CSPDCL (formerly CSPGCL)
- Company type: Government-owned Corporation-PSU
- Industry: Electricity generation
- Founded: 2008
- Headquarters: Dangania Raipur, India
- Key people: Shri Shailendra Kumar Shukla Chairman
- Products: Electricity
- Website: http://www.cseb.gov.in/cspgcl/index.htm

= Chhattisgarh State Power Generation Company =

Government-owned Indian energy company

Chhattisgarh State Power Distribution Company Limited (formerly Chhattisgarh State Power Generation Company Limited) is the electricity generation company of the Government of Chhattisgarh state in India.

== History ==
Chhattisgarh State Electricity Board was formed in accordance with the Section 5 of the Electricity Supply Act 1948 as per the Notification published in the gazette of the Government of Chhattisgarh dated 15 November 2000. Chhattisgarh State Electricity Board (CSEB) became functional w.e.f. 01.12.2000.
Chhattisgarh State Electricity Board has been reorganized into five companies in accordance with the provisions contained in the Section 131-134 of Electricity Act 2003 by the Govt. of Chhattisgarh.
Thus Chhattisgarh State Power Distribution Company Limited became functional w.e.f. 01.01.2009.

== Generation capacity ==
The installed capacity as of 31.07.2010 was 1924.7 MW comprising 1786 MW from coal-based thermal and 138.70 MW from hydroelectric power stations. and some 6 MW is coming from co-generation sources.

=== Thermal Power Plants===
- Hasdeo Thermal Power Station also known as Korba West Thermal Power Station, an 840 MW (4x210 MW) coal-based thermal power plant.
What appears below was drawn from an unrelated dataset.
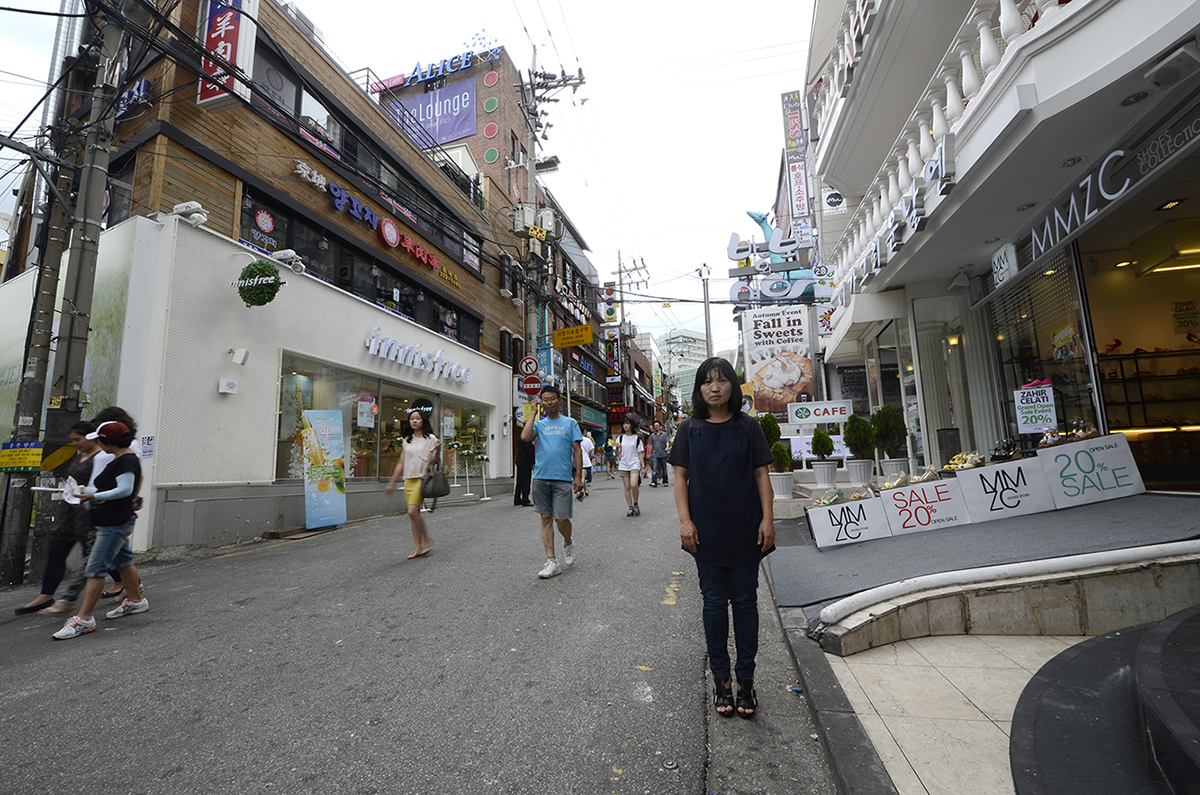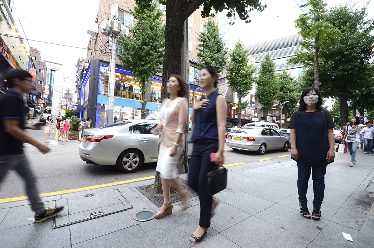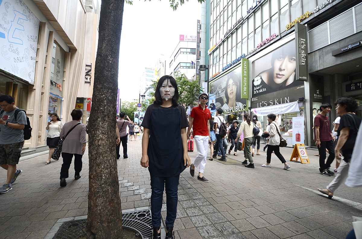 The Cover(ed) Girl confronts Korea’s cultural obsession with the appearance of the female body. From cosmetics, to plastic surgery, to K-Pop, the standard of beauty in Korea is becoming increasingly regimented and homogenized. In this series of performances, I appeared in public, in the most trending areas of Seoul, wearing the cosmetic facial masks popular amongst Korean women. The appearance of a masked woman brought one of the private rituals of beauty practiced by women into the public sphere, while the surreal anonymity of the mask created a subtle insertion that sought to disrupt the media’s representations of the female body.

Capacity addition of 500 MW is ongoing at the site, this phase is known as Korba West Extension Thermal Power Plant.
- Dr Shyama Prasad Mukharjee Thermal Power Station, a 500 MW (2x250 MW) coal-based thermal power plant.
- Korba Thermal Power Station also known as Korba East Thermal Power Station, a 440 MW (4x50 MW, 2x120 MW) coal-based thermal power plant.

==Capacity addition==

===Recent Power Projects===
- Atal Bihari Vajpayee Thermal Power Station (formerly known as Marwa-Tendubhata Thermal Power Station) - Located in the Janjgir-Champa District a 1000 MW (2x500 MW) thermal power plant (coal based) has been commissioned in March 2016 (Unit-1) and in August 2016 (Unit-2) at Janjgir–Champa district.

===Future Power Projects===
There are several planned power projects.